[Dataset items]

++++++++++

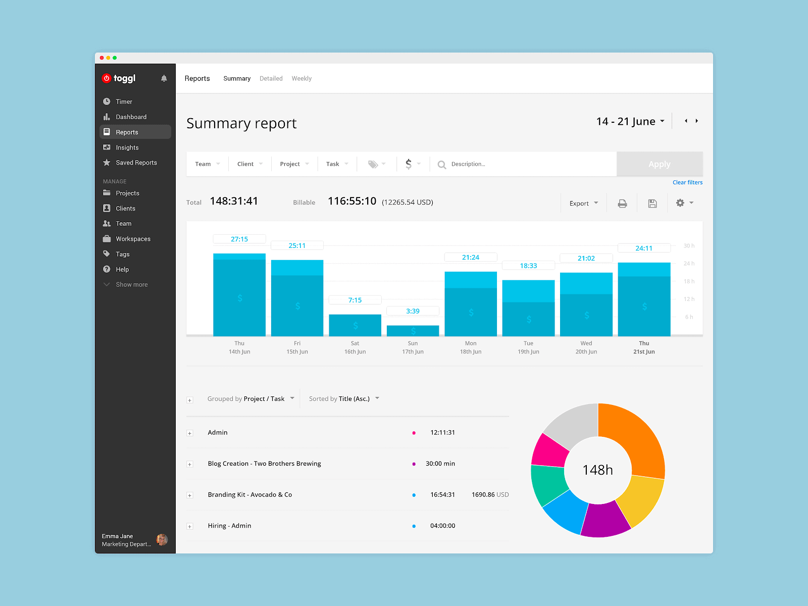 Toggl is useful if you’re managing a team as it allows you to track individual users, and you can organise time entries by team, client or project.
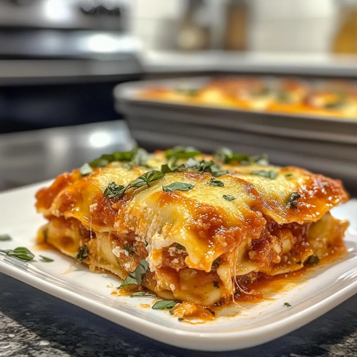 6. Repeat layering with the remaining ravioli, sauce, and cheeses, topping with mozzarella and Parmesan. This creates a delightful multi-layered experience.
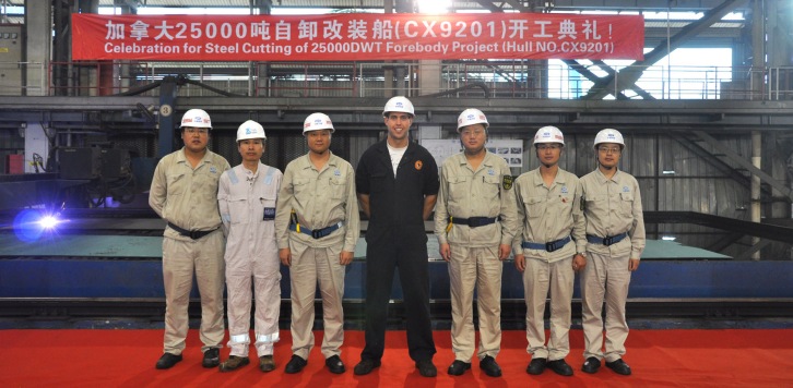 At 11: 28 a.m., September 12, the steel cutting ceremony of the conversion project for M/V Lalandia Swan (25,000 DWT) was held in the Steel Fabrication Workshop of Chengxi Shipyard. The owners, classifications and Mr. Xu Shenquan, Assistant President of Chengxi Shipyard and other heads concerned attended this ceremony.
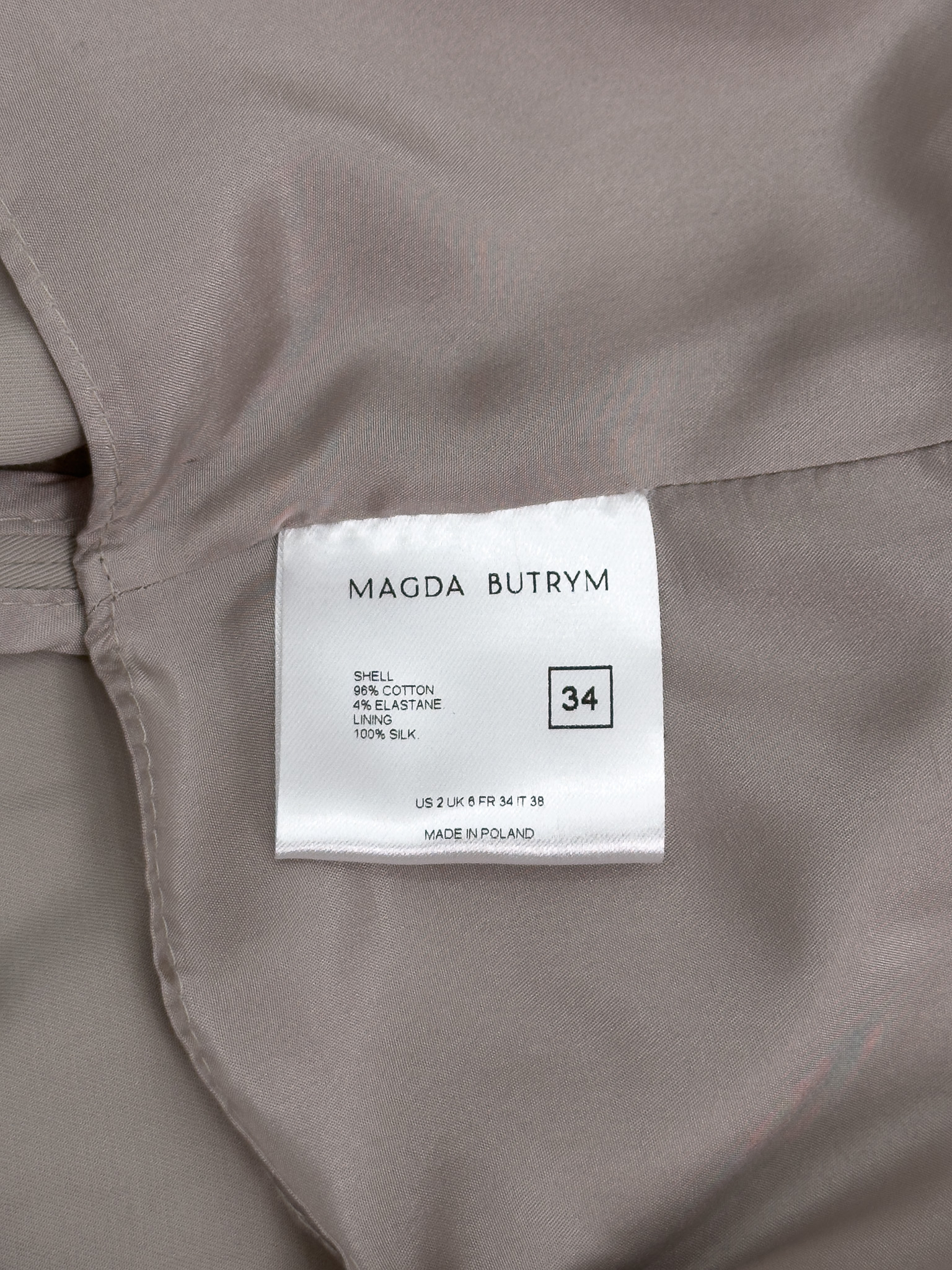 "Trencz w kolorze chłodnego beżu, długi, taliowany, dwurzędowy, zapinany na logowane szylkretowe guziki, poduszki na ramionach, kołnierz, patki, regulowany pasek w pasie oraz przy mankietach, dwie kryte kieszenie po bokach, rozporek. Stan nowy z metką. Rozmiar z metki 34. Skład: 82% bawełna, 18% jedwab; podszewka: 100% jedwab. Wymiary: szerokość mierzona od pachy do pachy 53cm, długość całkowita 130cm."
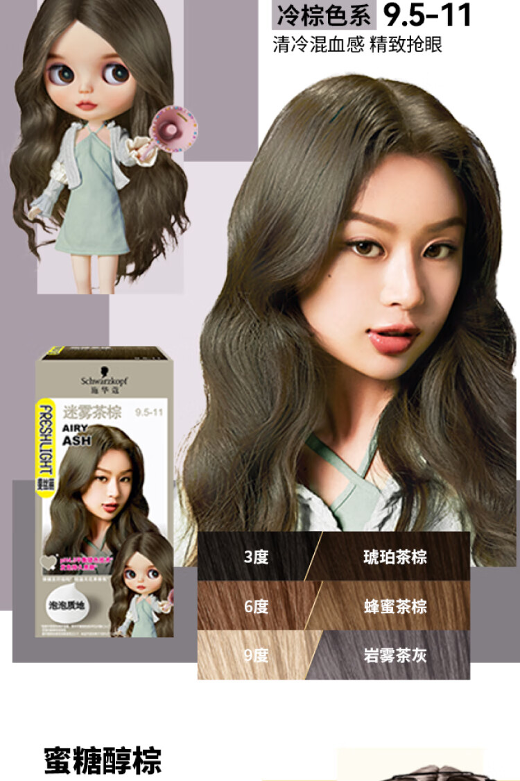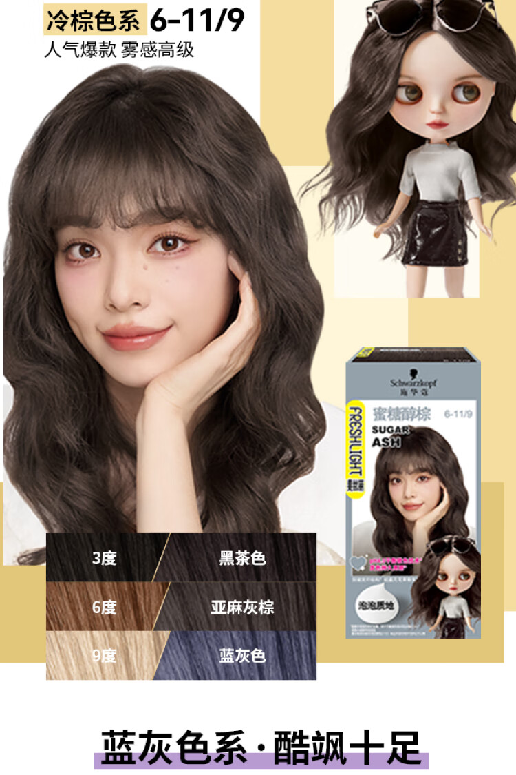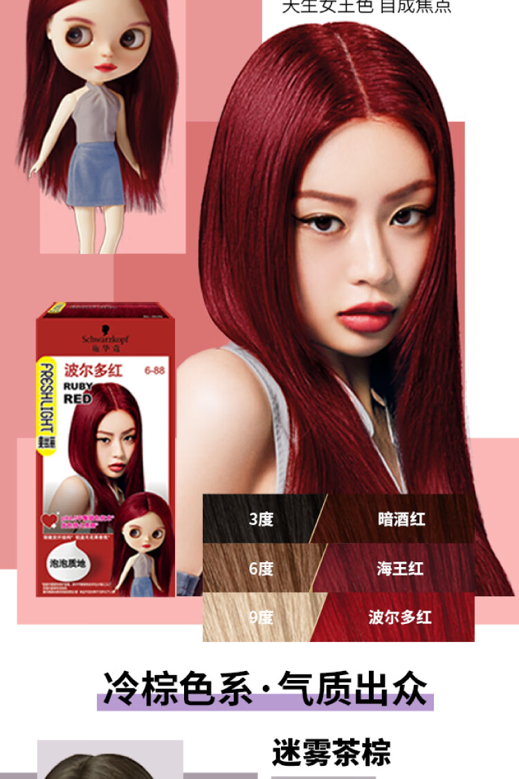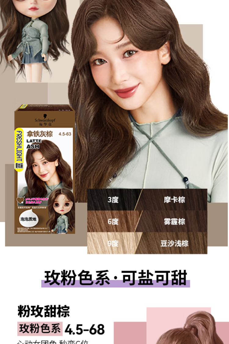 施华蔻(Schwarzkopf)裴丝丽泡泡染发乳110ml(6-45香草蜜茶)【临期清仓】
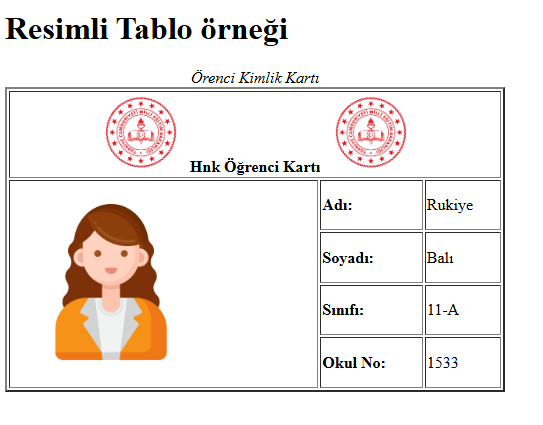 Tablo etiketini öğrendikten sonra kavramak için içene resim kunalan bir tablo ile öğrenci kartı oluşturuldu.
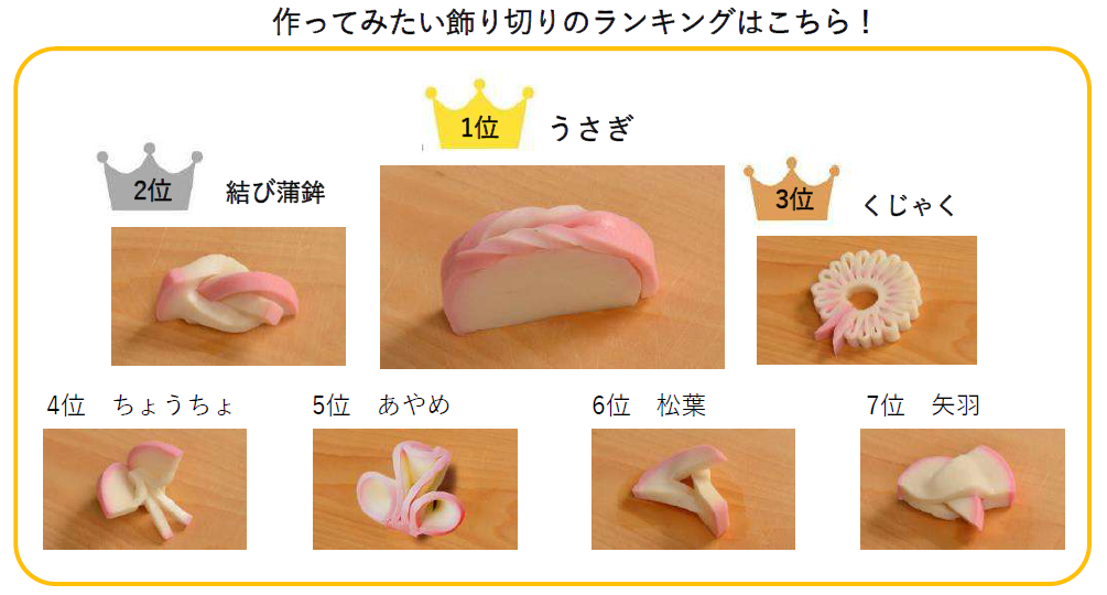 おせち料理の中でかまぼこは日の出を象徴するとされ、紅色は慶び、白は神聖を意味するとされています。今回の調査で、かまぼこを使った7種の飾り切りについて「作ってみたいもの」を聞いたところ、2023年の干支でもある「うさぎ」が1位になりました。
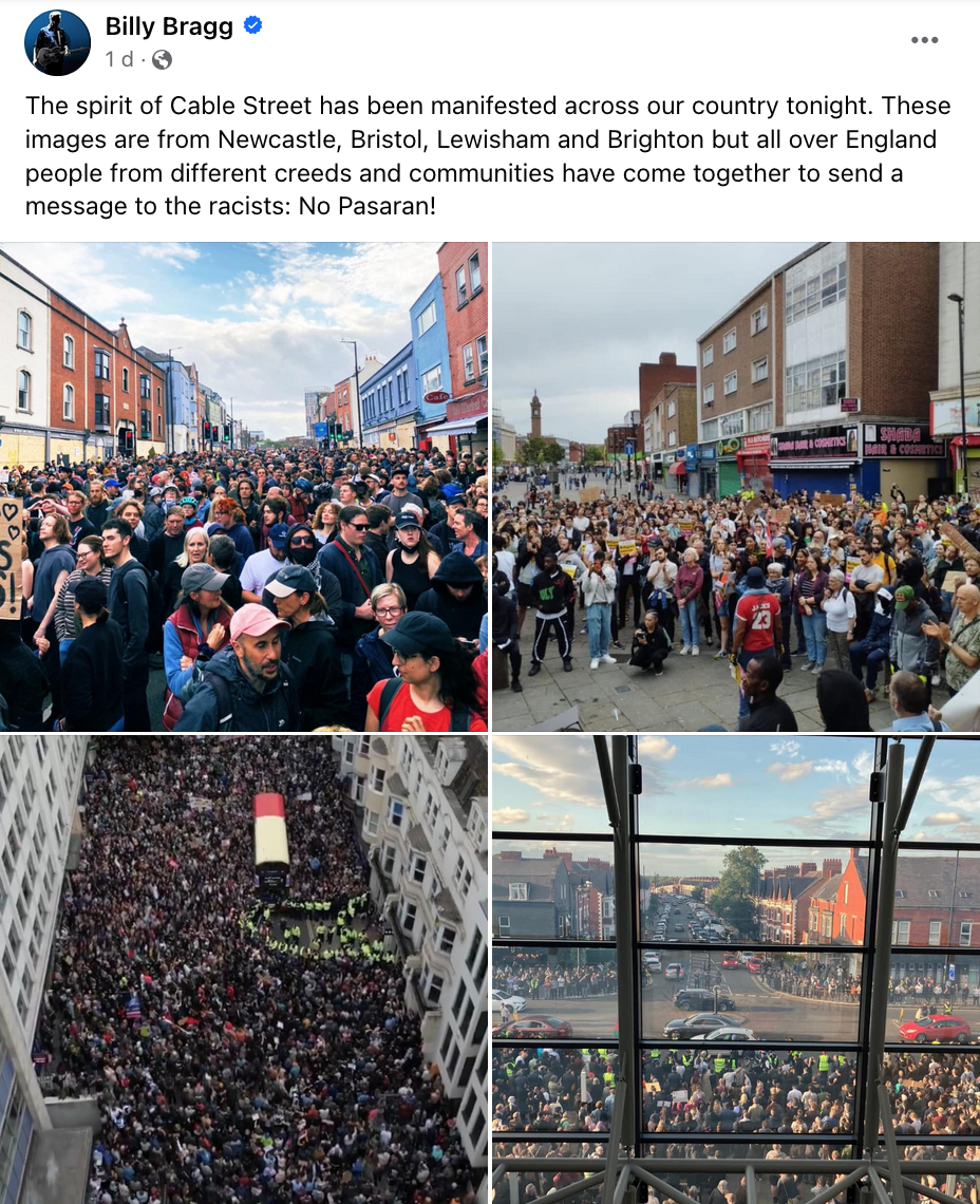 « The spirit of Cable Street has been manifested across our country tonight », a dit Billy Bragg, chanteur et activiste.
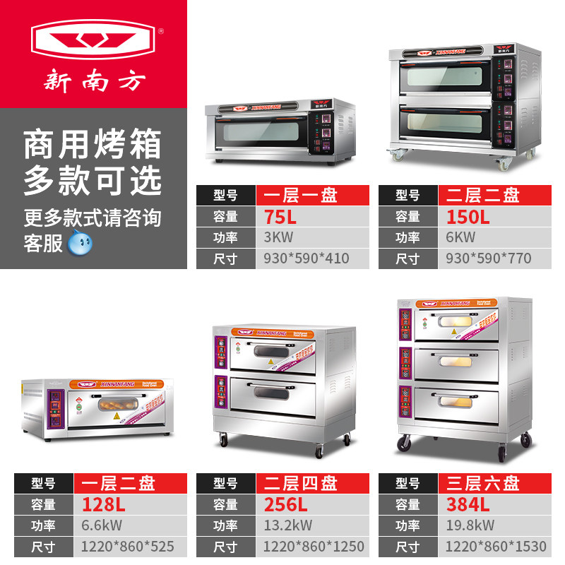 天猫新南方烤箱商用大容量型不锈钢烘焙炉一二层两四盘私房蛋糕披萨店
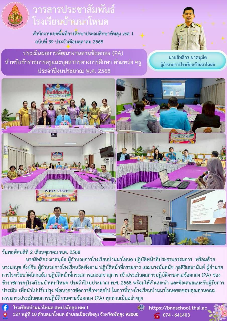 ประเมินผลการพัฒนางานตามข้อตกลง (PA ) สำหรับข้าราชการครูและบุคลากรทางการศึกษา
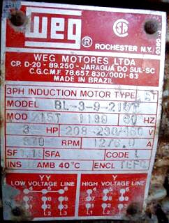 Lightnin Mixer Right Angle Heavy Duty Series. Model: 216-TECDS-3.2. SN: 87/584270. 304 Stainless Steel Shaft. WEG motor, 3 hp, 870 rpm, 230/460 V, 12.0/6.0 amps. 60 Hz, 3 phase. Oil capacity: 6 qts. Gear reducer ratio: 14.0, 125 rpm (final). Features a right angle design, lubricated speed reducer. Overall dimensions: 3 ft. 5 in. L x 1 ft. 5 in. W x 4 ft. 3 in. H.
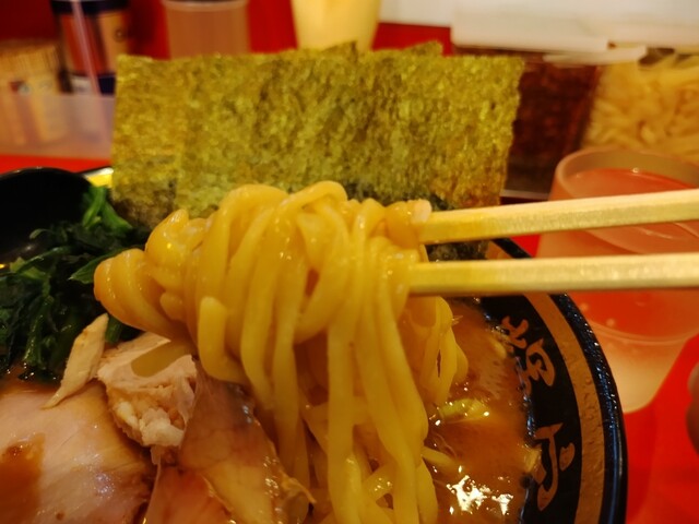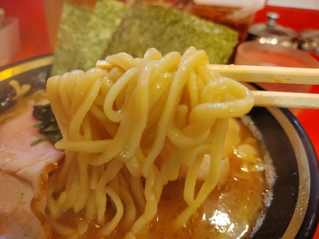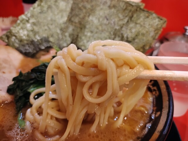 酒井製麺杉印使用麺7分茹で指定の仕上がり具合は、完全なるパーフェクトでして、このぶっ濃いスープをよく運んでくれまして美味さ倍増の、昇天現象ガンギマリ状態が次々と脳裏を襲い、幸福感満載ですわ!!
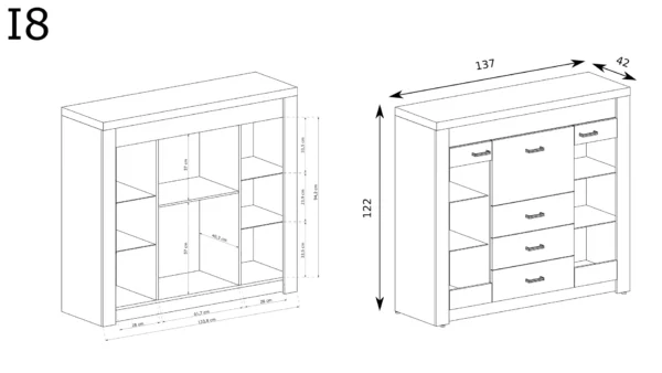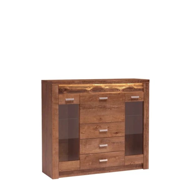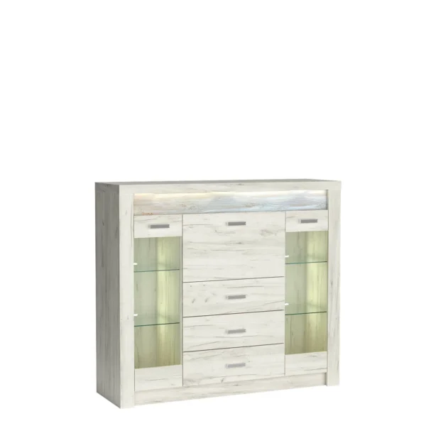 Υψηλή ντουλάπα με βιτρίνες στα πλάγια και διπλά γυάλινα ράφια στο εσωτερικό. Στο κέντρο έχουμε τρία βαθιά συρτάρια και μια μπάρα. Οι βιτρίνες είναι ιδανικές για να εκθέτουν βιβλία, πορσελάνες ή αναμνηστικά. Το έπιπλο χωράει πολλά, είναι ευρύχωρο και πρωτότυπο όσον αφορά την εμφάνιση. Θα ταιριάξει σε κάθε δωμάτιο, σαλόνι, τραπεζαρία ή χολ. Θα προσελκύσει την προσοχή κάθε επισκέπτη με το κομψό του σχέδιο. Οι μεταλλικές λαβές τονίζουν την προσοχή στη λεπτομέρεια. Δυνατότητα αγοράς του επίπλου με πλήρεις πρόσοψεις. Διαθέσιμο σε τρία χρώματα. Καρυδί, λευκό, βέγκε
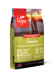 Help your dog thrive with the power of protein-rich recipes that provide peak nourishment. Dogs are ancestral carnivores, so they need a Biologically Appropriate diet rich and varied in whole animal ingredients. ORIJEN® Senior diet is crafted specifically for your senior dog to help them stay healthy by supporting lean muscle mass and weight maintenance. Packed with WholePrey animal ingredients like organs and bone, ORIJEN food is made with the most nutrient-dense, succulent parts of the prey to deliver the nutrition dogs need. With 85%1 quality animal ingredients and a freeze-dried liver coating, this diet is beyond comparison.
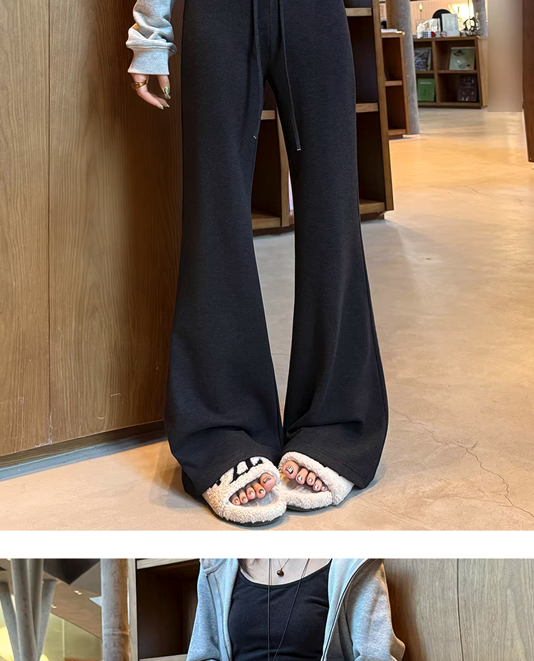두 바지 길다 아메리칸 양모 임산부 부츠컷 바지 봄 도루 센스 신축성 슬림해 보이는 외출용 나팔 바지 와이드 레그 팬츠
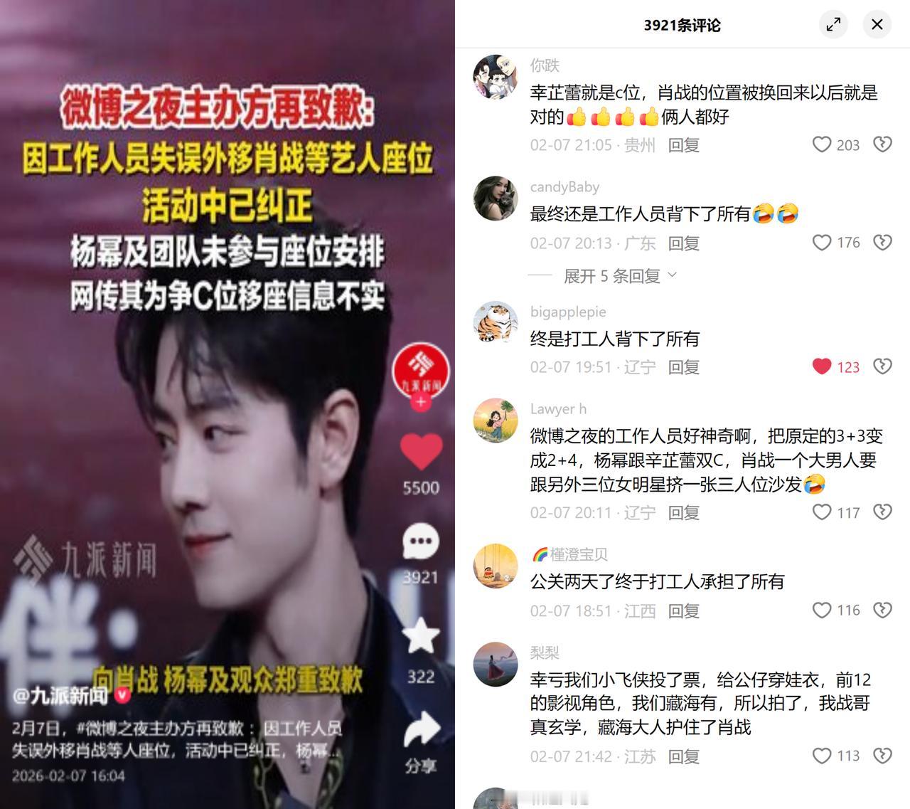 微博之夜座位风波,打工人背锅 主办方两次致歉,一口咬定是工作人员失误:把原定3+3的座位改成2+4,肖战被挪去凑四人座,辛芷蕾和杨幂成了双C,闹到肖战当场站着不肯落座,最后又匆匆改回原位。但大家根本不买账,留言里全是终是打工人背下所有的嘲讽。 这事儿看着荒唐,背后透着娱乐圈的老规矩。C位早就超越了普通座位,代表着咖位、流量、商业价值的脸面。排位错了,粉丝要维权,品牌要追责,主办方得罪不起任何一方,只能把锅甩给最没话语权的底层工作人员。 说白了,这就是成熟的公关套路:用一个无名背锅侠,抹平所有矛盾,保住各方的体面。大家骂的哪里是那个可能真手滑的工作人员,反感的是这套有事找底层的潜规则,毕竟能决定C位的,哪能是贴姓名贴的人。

++++++++++

Exercise directions = What lines above run from the one with "Tablo etiketini öğrendikten" to the one with "ประเมินผลการพัฒนางานตามข้อตกลง (PA )"? Give them again exactly, ends included, and leave the pictures out.

Answer for this exercise =
 Tablo etiketini öğrendikten sonra kavramak için içene resim kunalan bir tablo ile öğrenci kartı oluşturuldu.
 おせち料理の中でかまぼこは日の出を象徴するとされ、紅色は慶び、白は神聖を意味するとされています。今回の調査で、かまぼこを使った7種の飾り切りについて「作ってみたいもの」を聞いたところ、2023年の干支でもある「うさぎ」が1位になりました。
 « The spirit of Cable Street has been manifested across our country tonight », a dit Billy Bragg, chanteur et activiste.
 天猫新南方烤箱商用大容量型不锈钢烘焙炉一二层两四盘私房蛋糕披萨店
 ประเมินผลการพัฒนางานตามข้อตกลง (PA ) สำหรับข้าราชการครูและบุคลากรทางการศึกษา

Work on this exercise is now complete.